The HD Audio system supports the following:

Microsoft UAA driver (Vista)/ AMD driver (XP)
32kHz, 44.1kHz, 48kHz 16-bit PCM stereo
AC3 (5.1) Compressed multi-channel audio streams such as Dolby Digital & DTS’

Those of you that were paying attention will have realized that on all images of the cards, they still use DVI-connectors. And that is right. Instead of putting an HDMI-connector onto the cards, AMD has opted to include a DVI=>HDMI adapter instead.

hdmi adapter

This is not your everyday cheap $5 adapter though. Those usually only carry the video portion of the stream and not any audio. The adapter AMD includes takes care of both audio and video.

RADEON HD2000 – THE LINEUP

I briefly introduced the cards in the beginning of this article. Now it is time to look a bit more closely on their specifications.
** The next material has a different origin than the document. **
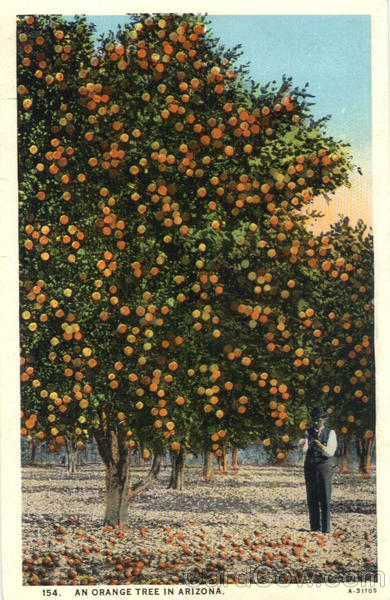 Front: 154. AN ORANGE TREE IN ARIZONA. A-31105 Back: AR PUBLISHED BY CENTRAL NEWS & NOVELTY CO. PHOENIX, ARIZONA. C. T. AMERICAN ART COLORED. 25 HERE
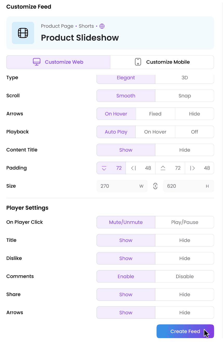 Click Continue to access customization options for the Feed. Update the Preview and Player settings as needed. Once all changes are complete, click Create Feed to finalize your updates.

	ATI Radeon HD 2400	ATI Radeon HD 2600	ATI Radeon HD 2900
Stream Processing Units	40	120	320
Clock Speed	525-700 MHz	600-800 MHz	740 MHz
Math Processing Rate(Multiply-Add)	42-56 GigaFLOPS	144-192 GigaFLOPS	475 GigaFLOPS
Pixel Processing Rate	4.2-5.6 Gigapixels/sec	14.4-19.2 Gigapixels/sec	47.5 Gigapixels/sec
Triangle Processing Rate	262-350 Mtri/sec	600-800 Mtri/sec	740 Mtri/sec
Texture Units	4	8	16
Typical Board Power	~25W	~45W	~215W
Memory Frame Buffer	256MB GDDR3,128/256MB DDR2	256MB GDDR4, 256MB GDDR3,256MB DDR2	512MB GDDR3
Memory Interface Width	64 bits	128 bits	512 bits
Memory Clock	400-800MHz	400-1100 MHz	Something
Memory Bandwidth	6.4-12.8 GB/sec	12.8-35.2 GB/sec	106 GB/sec
Transistors	180 million	390 million	700 million
Process Technology	65G+	65G+	80HS
Outputs	sVGA+DDVI+VO (HDMI adaptor)	D+DL+DVI (HDMI adaptor)	D+DL+DVI w/HDCP (HDMI adaptor)

HD2400

We will start at the lower end of the scale. The HD2400Pro and HD2400XT are the cards that are positioned for the Value Segment. The GPU’s are made with an 65 nm process. The recommended price is sub-$99. The release date for the HD2400 is beginning July.

2 different versions of the HD2400

While the specifications are pretty low, the card still can boast with similar features as the other cards.

DX10 support
CFAA support
Unified Shading Architecture
ATI Avivo HD – provides smooth playback for HD-content
Built-in 5.1 surround audio designed for an easy HDMI connection to big-screen TVs
Tessellation unit
The HD2400XT should also support Crossfire

The Radeon HD2400 of course is not intended for anything else than casual gamers. Its true potential lies in the low power usage and the Avivo HD support. I can see these cards being put in many HTPC’s.

HD2600

In the Performance segment we find two cards, the HD2600XT and the HD2600Pro. These GPU’s also are built with the new 65nm process. The recommended price is $99-$199 (depending on the configuration). The release date for the HD2600 is beginning July.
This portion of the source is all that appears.